2 September 1998 as posted to the cons-spst-sprawl-dev list

Many people in the environmental movement will argue that "smart growth" is an oxymoron, but it is certainly clear that some kinds of growth are smarter than others. Gore seems to be doing his homework.

Green Taxes a Hit

A poll of more than 500 registered US voters conducted by International Communications Research between 29 May and 2 June 1998 showed that more than 70 percent of those polled supported taxing dirty energy sources and using the funds to reduce income taxes.
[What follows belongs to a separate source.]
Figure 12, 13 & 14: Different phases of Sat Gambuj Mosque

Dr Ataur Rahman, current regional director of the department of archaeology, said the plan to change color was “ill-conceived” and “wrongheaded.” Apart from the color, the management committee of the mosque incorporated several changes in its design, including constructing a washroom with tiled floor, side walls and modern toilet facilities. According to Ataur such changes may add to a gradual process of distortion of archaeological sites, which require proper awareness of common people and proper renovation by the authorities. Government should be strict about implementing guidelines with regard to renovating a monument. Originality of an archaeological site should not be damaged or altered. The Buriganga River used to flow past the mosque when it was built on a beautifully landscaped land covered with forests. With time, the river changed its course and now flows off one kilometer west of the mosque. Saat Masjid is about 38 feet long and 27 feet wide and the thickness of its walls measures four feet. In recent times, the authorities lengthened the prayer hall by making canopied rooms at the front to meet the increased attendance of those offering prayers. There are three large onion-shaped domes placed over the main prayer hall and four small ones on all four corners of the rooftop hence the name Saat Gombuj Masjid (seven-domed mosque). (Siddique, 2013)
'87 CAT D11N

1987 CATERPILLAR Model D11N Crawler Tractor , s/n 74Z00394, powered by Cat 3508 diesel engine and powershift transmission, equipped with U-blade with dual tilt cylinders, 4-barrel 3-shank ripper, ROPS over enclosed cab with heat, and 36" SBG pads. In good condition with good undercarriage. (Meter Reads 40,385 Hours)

Press release from Friends of the Earth
"Poll Finds US Voters Favor Green Taxes"
as posted to the cons-spst-sprawl-dev list

People really don't like pollution. It's time that politicians figured this out.

Cars and Air Pollution

According to figures from the San Francisco Bay Area Air Quality Management District, motor vehicles emit 43% of the reactive organic gases (ROG) and 47% of NOx. These figures are calculated using the emission factors prescribed by the California Air Resources Board (CARB). However, recent studies in tunnels show that ROG emissions are 40 to 85% higher than CARB's assumptions. It appears that estimates of ROG emissions will have to increase to show that cars cause between 50 and 60% of the total - vehicles are thus the majority source of this form of pollution, which causes smog.
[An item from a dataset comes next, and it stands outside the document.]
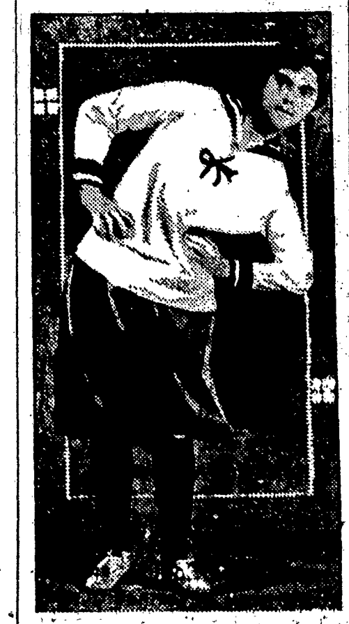
little daily exercise will increase one's beauty and health.

enough of the sort of exercise they dominant note in many of our clothes, water unless the sall b need. One woman to whom I wrote On the Egyptian type of evening broken. Sprinkle the every morning, replied indignantly our, Many of them are absolutely per and let it hang in

From a posting by John Holtzclaw to the cons-spst-sprawl-trans list

Despite considerable technical improvements, cars continue to cause terrible air pollution problems in cities.

Disinformation and the Oil Industry

Worldwatch Institute president Lester Brown, speaking before the Offshore Northern Seas conference, recently said that oil companies must prepare for a post-automobile urban economy. He also said that taxation should shift away from personal income taxes to pollution taxes. He went on to say:

    "The image of U.S. oil companies is of an industry pursuing a disinformation campaign, rather like the tobacco industry hiring out people to testify about the lack of proof that smoking causes cancer."

Reuters, 28 August 1998, dateline Stavanger, Norway

Recent noises by Mobil support the contention of a disinformation campaign. Read a deftly-told series of misleading truths.

Plentiful Methane?

Thomas Gold's Power from the Earth: Deep Earth Gas--Energy for the Future is an interesting proposition that challenges conventional theories about the origins of gas and oil. Gold believes that the earth's mantle constantly outgasses, and that methane is a major component of the gas. He builds a coherent theory supported by widely disparate phenomena ranging from earthquakes to the distribution of the isotopes of helium to the composition of meteorites. Gold believes that there are large, untapped, reservoirs of methane (natural gas) deeper in the earth's crust than we are accustomed to drilling for gas and oil. Recent deep drilling lends support to this hypothesis.

Thomas Gold
Power from the Earth: Deep Earth Gas--Energy for the Future
(London & Manchester: J.M. Dent & Sons Ltd, 1987)

This books reminds us that we should not pin our opposition to urban cars on any single point of the argument. Our energy future may be much less limited than now appeared to be the case. This change would not, of course, affect most of the other reasons to move cars out of cities.